Sunday, 11 May 2014

Ulladulla and Milton: Colonial justice



Ulladulla - trawler in dry dock

Along the eastern coast of Australia are a series of protected bays.  In the early days of the colony of New South Wales, small government settlements were established at the bays. Isolated by high mountain escarpments to the West and deep gorges along the coast, these settlements became important hubs of economic activity, particularly farming and forestry ventures. The settlers were dependent on travel by sea.  Inland centers gradually forged bridle paths and bullock tracks to the coastal hubs - for mail, wool and, after the discovery of gold in the 1850s, mining.


Ulladulla 

The small protected harbor at Ulladulla was the location of early settlement – encompassing farmland, timber milling, fishing and ship building.  The government provided basic infrastructure to support these activities – including the regulation of the port, provision of a post office, licensing of hotels and trading posts.
Core to government administration, the colony established a Court of Petty Sessions for Ulladulla in the late 1850s with the appointment of two part time magistrates, David Warden and William Hood.  

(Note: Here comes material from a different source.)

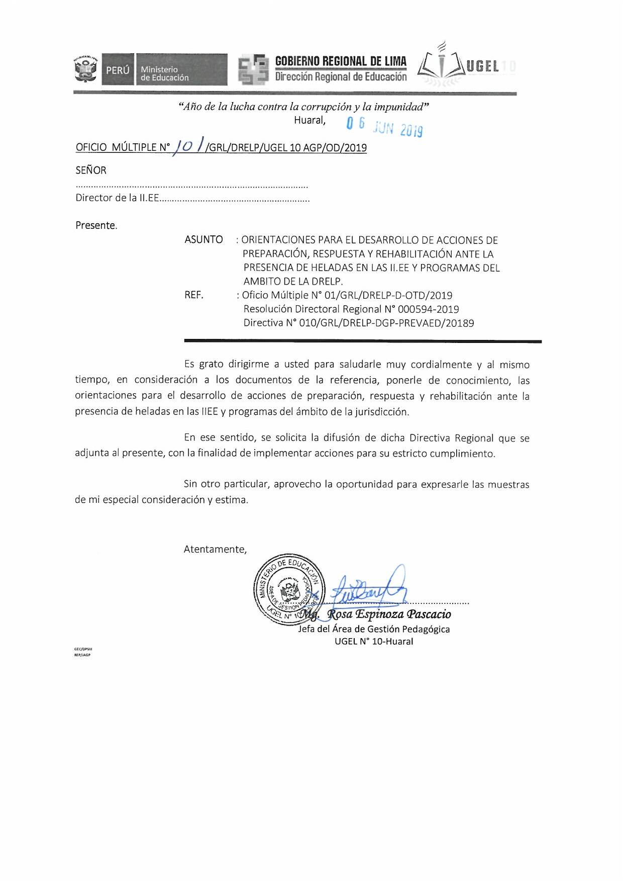 04 Jun,2019 Comunicados COMMENTS ORIENTACIONES PARA EL DESARROLLO DE ACCIONES DE PREPARACION,RESPUESTA Y REHABILITACION ANTE LA PRESENCIA DE HELADAS EN LAS II.EE Y PROGRAMAS DEL AMBITO DE LA DRELP. VER ANEXO
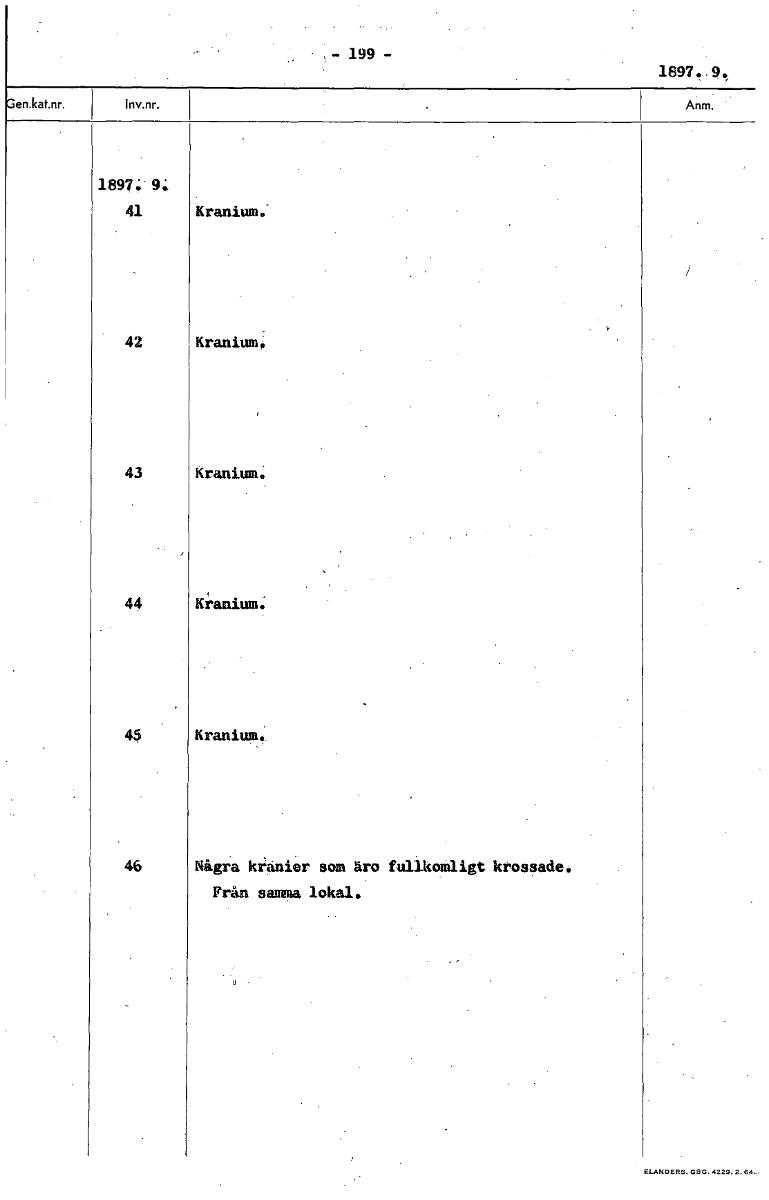 • -199- 1897. 9. 1897: 9: 41 Kraniwn. 42 Kranium: 43 Kranium. 44 Kranium. Kranium.. 46 Några kranier som äro fullkomligt krossade. Från samma lokal. [ocr]

In the early 1860s John Vallentine Wareham was appointed as Registrar of the Court – effectively the first full time legal administrator in the District (at that time the magistrates themselves were part time justices of the peace). 


Ulladulla Harbour - Looking towards new breakwater
Ulladulla - Rosellas

Plover - Ulladulla

On his death in May 1912, the Sydney Morning Herald published a short obituary of Registrar Wareham:
“Mr. John Valentine Wareham, who died at  Bona Vista, Waverley, last week, aged 80 years, was another of the old colonists who had exciting experiences in the goldfield days. With Mrs. Wareham, he came to Sydney in January, 1853, and qualified as a conveyancer. In 1853, with other young men, he walked to the Turon diggings, but the venture was not a success. On the return journey he tried to take a short cut over the ranges, but lost his way, and spent his first Christmas Eve, Christmas Day, and Boxing Day in Australia in a vain endeavour to find a path that would lead him out of the rough mountainous country. It rained all the time. When found by a shepherd, Mr. Wareham was delirious, and was badly bitten by bulldog ants. In the early sixties he took up land in the Ulladulla district, and went through all the trials of floods and fires that  were the lot of the early settlers. One of Clark's gang of bushrangers, known as "Long Jim the Tailor," was for a time in Mr. Wareham's employ. As the district became more settled Mr. Wareham held various Government positions, including those of Crown lands agent. Registrar of the District Court, Clerk of Petty Sessions, and Coroner, and was always helpful to new arrivals seeking advice. He left a widow, two sons, resident in Botany Bay, one daughter, 15 grandchildren, and five, great grand children.”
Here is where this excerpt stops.